2. The method of claim 1, wherein the data valid/invalid state for
each of the plurality of clients is controlled by a corresponding
valid bit in the cache entry.
3. The method of claim 1, wherein the cache entry comprises a
plurality of valid bits with each valid bit associated with a
corresponding one of the plurality of cache clients, each valid bit
defining the data valid/invalid state.
4. The method of claim 1, wherein the receiving the cache
invalidate instruction comprises determining a client identifier
associated with the first cache client.
5. The method of claim 1, further comprising: receiving a read
instruction to the cache entry from the first cache client; if the
first cache client is in the invalid state, generate a read request
to a next level of a cache hierarchy.
6. The method of claim 5, wherein the next level of the cache
hierarchy comprises a system memory.
7. The method of claim 1, wherein the plurality of cache clients
comprises a plurality of programming threads associated with a
processor.
8. The method of claim 7, wherein processor comprises one or more
of a central processing unit (CPU), a graphics processing unit
(GPU), and a digital signal processor (DSP).
9. A system for invalidating cache line data in a cache entry, the
system comprising: means for generating a cache entry comprising
cache line data for a plurality of cache clients; means for setting
a data valid/invalid state for each of the plurality of clients to
a valid state; means for receiving a cache invalidate instruction
from a first of the plurality of cache clients; means for changing
the data valid/invalid state for the first cache client to an
invalid state in response to the cache invalidate instruction
without modifying the data valid/invalid state for the other of the
plurality of cache clients from the valid state; means for
receiving a read instruction to the cache entry from a second of
the plurality of cache clients; and means for returning, in
response to the read instruction, a value stored in the cache line
data to the second cache client while the data valid/invalid state
for the first cache client is in the invalid state and the data
valid/invalid state for the second cache client is in the valid
state.
10. The system of claim 9, wherein the data valid/invalid state for
each of the plurality of clients is determined by a corresponding
valid bit in the cache entry.
11. The system of claim 9, wherein the cache entry comprises a
plurality of valid bits with each valid bit associated with a
corresponding one of the plurality of cache clients, each valid bit
defining the data valid/invalid state.
12. The system of claim 9, wherein the means for receiving the
cache invalidate instruction comprises means for determining a
client identifier associated with the first cache client.

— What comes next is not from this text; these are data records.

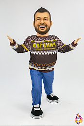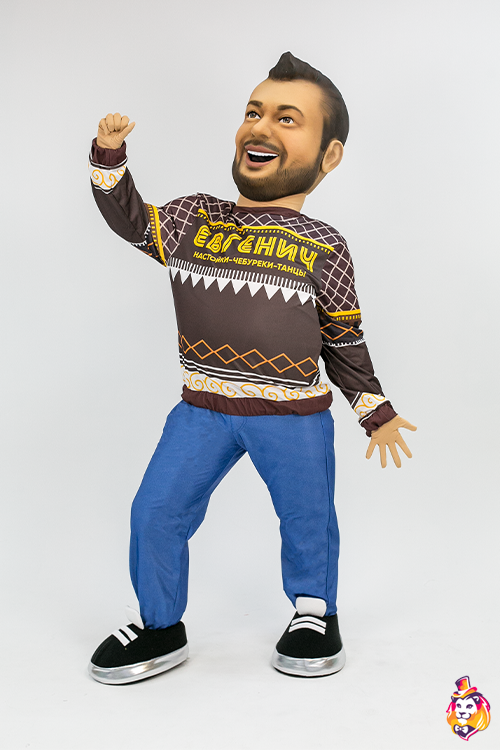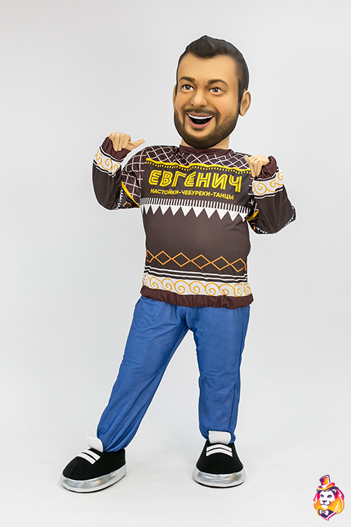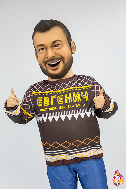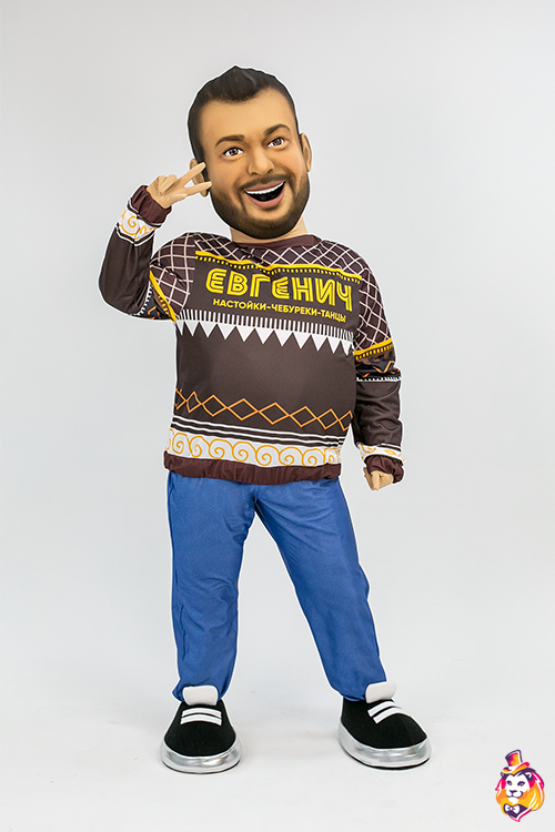 - Package content Evgenich the bar Costume is a memorable сostume who will delight the public at events and promotions. Our сostume attract attention from afar, people always want to take pictures with them and share photos with friends. Animators, advertising agencies and other companies choose our сostume for convenience in work and high-quality of costumes. On our production Carnival Mascot it is convenient to order and buy any mascot costume, all the ideas of the customer will be fulfilled. We produce branded mascots in branded colors with a logo and symbols. Our products are made of modern eco friendly materials, durable and convenient to use. There may be slight differences from the image, since each product is made individually! Package contents: Sweater with a built-in belly, trousers - jeans, a pair of shoes (foam rubber frame, covered with fabric, with polyurethane soles). There is a full-color print. The head, body and gloves are not included.
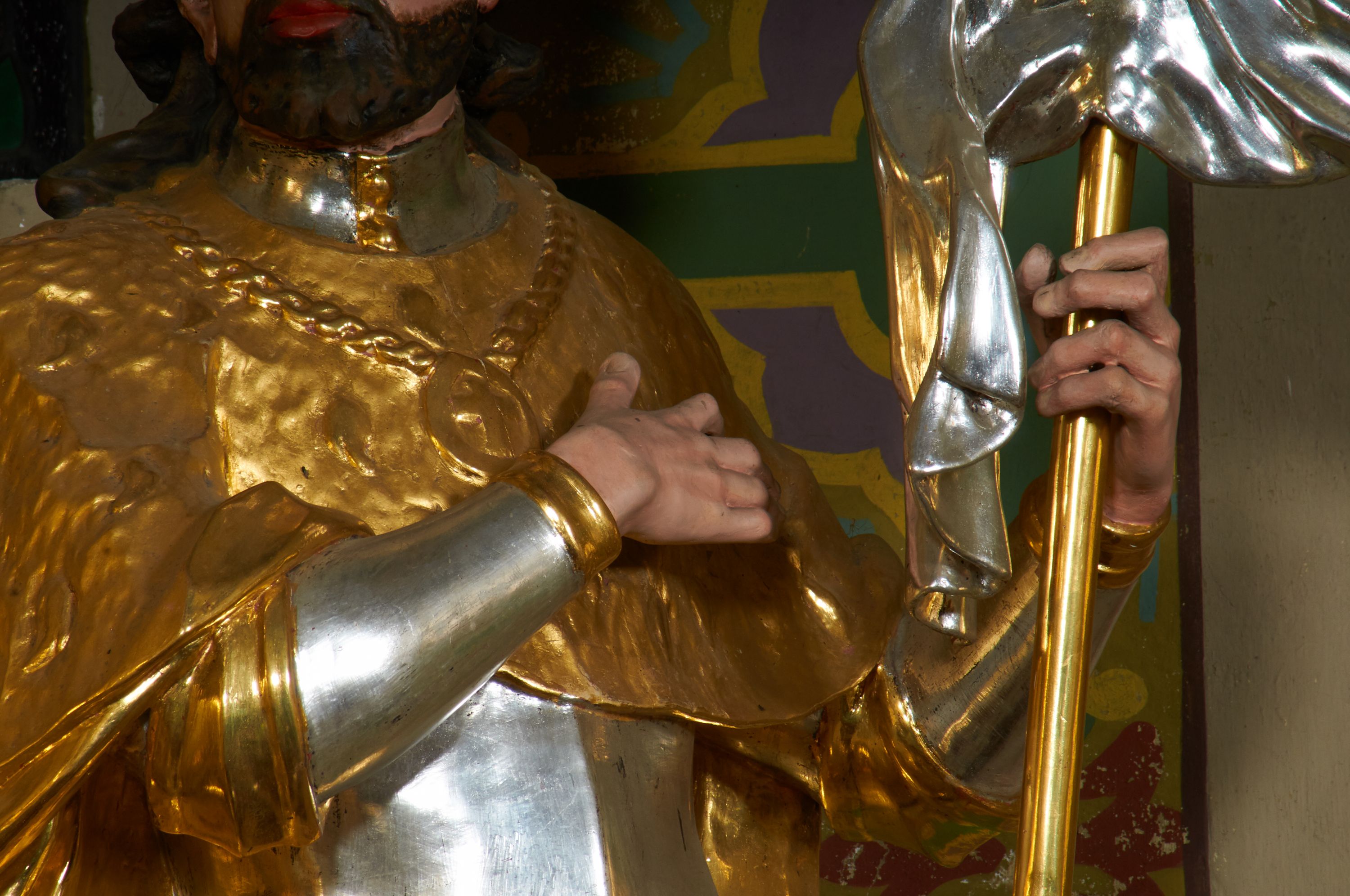 Drobne przetarcia w partii złoceń i srebrzeń. Figura konserwowana w 1999 roku.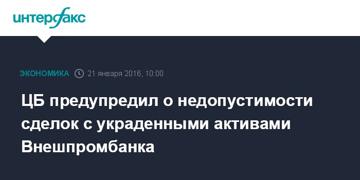 ЦБ предупредил о недопустимости сделок с украденными активами Внешпромбанка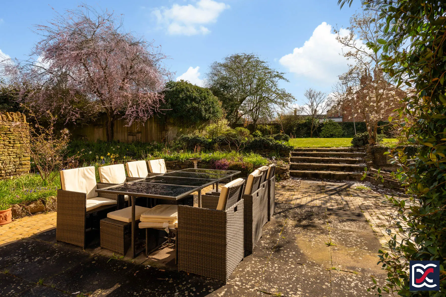 The south-facing rear garden is arranged over three levels. Immediately to the rear of the house is a substantial patio, laid in slab paving and buff brick, with a central seating area and raised stone planters. Stone steps rise from here to the main lawned garden, where established borders and mature perimeter trees, including cherry and holly, give privacy and enclosure. Further steps descend from the patio to a more sheltered area with brick retaining walls and an additional hardstanding seating area.

13. The system of claim 9, further comprising: means for receiving
a read instruction to the cache entry from the first cache client;
if the first cache client is in the invalid state, generate a read
request to a next level of a cache hierarchy.
14. The system of claim 13, wherein the next level of the cache
hierarchy comprises a system memory.
15. The system of claim 9, wherein the plurality of cache clients
comprises a plurality of programming threads associated with a
processor.
16. The system of claim 15, wherein processor comprises one or more
of a central processing unit (CPU), a graphics processing unit
(GPU), and a digital signal processor (DSP).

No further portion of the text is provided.